Klub Liga Indonesia Rawan jadi Penampung Uang Korupsi
jpnn.com, CILEGON - Modus pemberian dana sponsor untuk Cilegon United Football Club (CUFC) untuk mengaburkan uang korupsi telah terbongkar. CUFC adalah tim yang berlaga di Liga 2, dikelola oleh Tubagus Iman Ariyadi, Wali Kota Cilegon yang dijadikan tersangka oleh Komisi Pemberantasan Korupsi (KPK) Sabtu (23/9).
Tidak tertutup kemungkinan, modus menampung uang haram itu juga marak terjadi di tempat lain. Untuk diketahui, tidak sedikit klub-klub sepak bola Liga 2 yang dikelola penyelenggara negara. Ada yang menjabat sebagai ketua umum (presiden klub) atau manajer sampai pembina.
Bukan hanya di Liga 2, di Liga 1 juga ada beberapa tim yang dikuasai kepala daerah. Antara lain, Persipura Jayapura. Klub yang berasal dari ujung timur Indonesia itu menjadikan Wali Kota Jayapura Benhur Tomi Mano sebagai ketua umum. Begitu pula dengan Sriwijaya FC yang saat ini dikelola Bupati Musi Banyuasin Dodi Reza Alex Noerdin.
Meski tidak ada larangan penyelenggara negara menjadi pengurus klub sepakbola nasional, fenomena tersebut tentu berpotensi membuka ruang terjadinya konflik kepentingan (conflict of interest).
Pengamat sepakbola nasional Anton Sanjoyo mengatakan kepentingan itu sangat mungkin terjadi bila klub tidak dikelola secara profesional. ”Apalagi di daerah mekanisme hibah masih berlaku,” ujar Joy-sapaan Anton Sanjoyo- saat dihubungi Jawa Pos, kemarin (24/9).

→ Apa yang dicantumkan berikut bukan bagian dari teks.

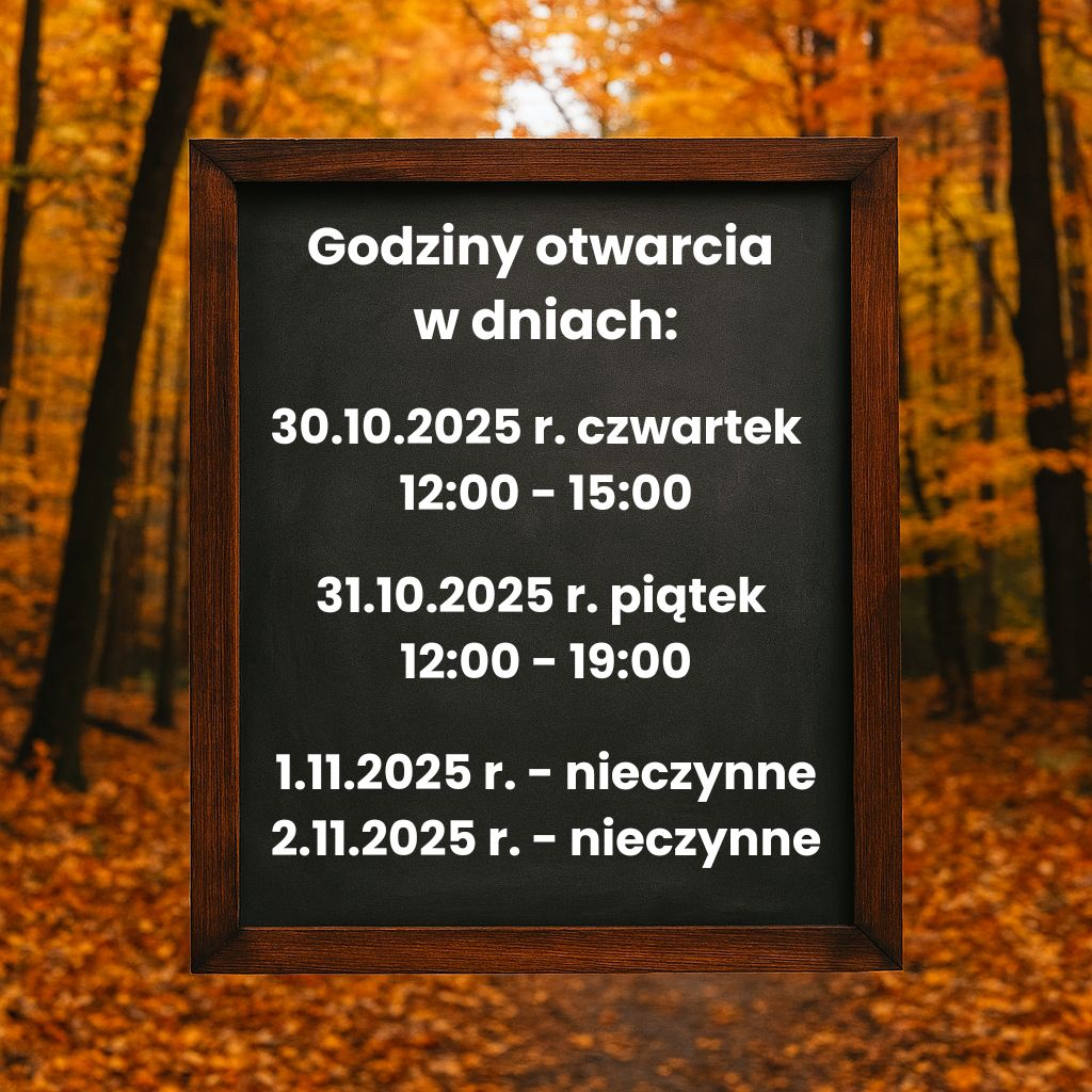 SALAZABAW Godziny otwarcia w dniach:30.10.2025 r. czwartek 12:00 – 15:0031.10.2025 r. piątek 12:00 – 19:001.11.2025 r. – nieczynne2.11.2025 r. – nieczynneZapraszamy do pasikonikowej zabawy.Lokalizacja: Piaseczno, ul. Puławska 30ACzynne codziennie od 12:00 do 19:00Telefon: 455 408 409e-mail: kontakt@sala-pasikonik.pl Lokalizacja Kontakt Regulamin urodzin Cennik Instagram Regulamin sali
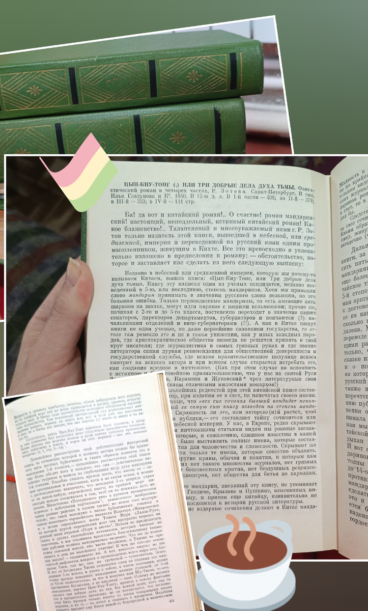 Так что наверное Зотова можно считать сильно причастным к написанию романа. Что впрочем не особо важно сейчас, куда важнее то, что "Цын-Киу-Тонг (,) или Три добрые дела духа тьмы" - интересное произведение, написанное в непростую для Китая эпоху предположительно китайцем, а даже если и русским (тут три варианта авторства - неизвестный китайский писатель, неизвестный промышленник, живший в Китае и сам Зотов, естественно).
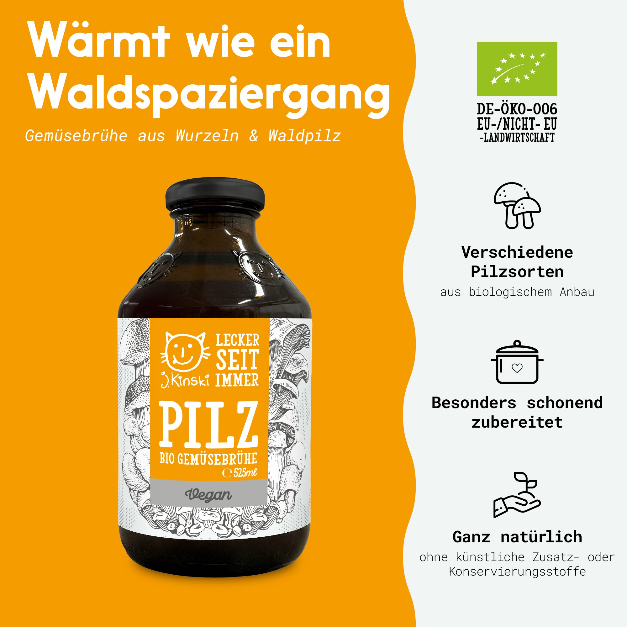 Zutaten: Trinkwasser, Pilze* (Shiitake*, Champignon*, Pfifferling*, Steinpilz* ), Wurzelpetersilie*, Zwiebel*, Pastinake*, Karotte*, Steinsalz, Rübenzucker*, Knoblauch*,Rosmarin*, Weißer Balsamico*(Weißweinessig*, Traubenmost*), Thymian*, Wacholder*, Pfeffer*, Lorbeer*
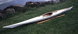 Original Aleutian kayaks (Inuktitut: qajaq (ᖃᔭᖅ Inuktitut pronunciation: [qaˈjaq]), Yup'ik: qayaq (from qai- "surface; top"),[3] Aleut: Iqyax) were originally developed by the Inuit, Yup'ik, and Aleut.[4] They used the boats to hunt on inland lakes, rivers and coastal waters of the Arctic Ocean, North Atlantic, Bering Sea and North Pacific oceans. These first kayaks were constructed from stitched seal or other animal skins stretched over a wood or whalebone-skeleton frame. (Western Alaskan Natives used wood whereas the eastern Inuit used whalebone due to the treeless landscape.) Kayaks are believed to be at least 4,000 years old.[5] The oldest kayaks remaining are exhibited in the North America department of the State Museum of Ethnology in Munich, with the oldest dating from 1577.[6]
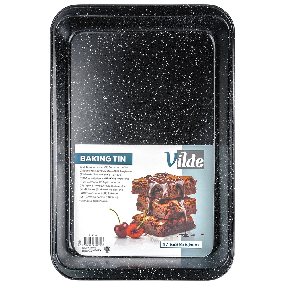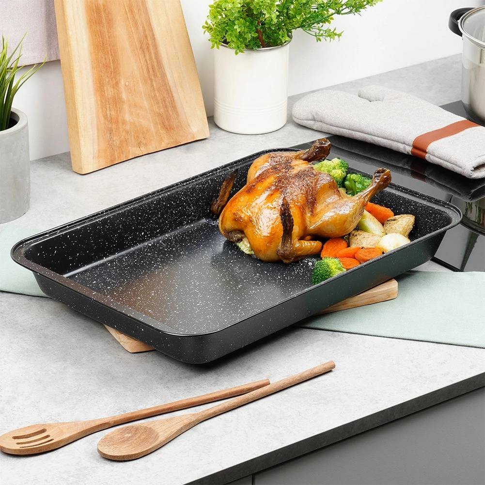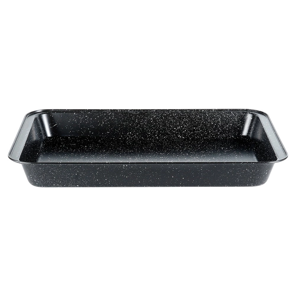 Robusni pravokutni lim s granitnom površinom pobrinut će se za pouzdan rezultat pečenja bez zagorijevanja. Ne upija mirise ni tekućine, a zahvaljujući kvalitetnom ugljičnom čeliku izvrsno provodi toplinu, pa su jela ravnomjerno pečena po cijeloj površini.

Joy mengatakan, saat ini tidak banyak klub sepakbola yang me-manage keuangan mereka secara profesional. Di liga 1, misalnya, sejauh ini baru manajemen Persib Bandung yang benar-benar sudah profesional. ”Tidak lebih dari lima yang profesional di Liga 1,” imbuhnya.
Joy menjelaskan, parameter manajemen klub profesional itu bisa dilihat dari bagaimana mereka mengelola pemasukan dan pengeluaran tim. Misal, manajemen mengurus pemasukan dari penjualan tiket dan merchandise dengan baik untuk membayar gaji pemain serta ofisial. Di dunia industri sepakbola, tim profesional cenderung lebih banyak dikelola pihak swasta.
Merujuk realita itu, peluang penyelenggara negara mengaburkan uang korupsi dengan menggunakan modus corporate social responsibility (CSR) atau sponsorship perusahaan sulit dihindari. Apalagi, belum ada aturan dari Persatuan Sepakbola Seluruh Indonesia (PSSI) yang mengatur batasan dan kewenangan penyelenggara negara dalam kepengurusan klub sepak bola.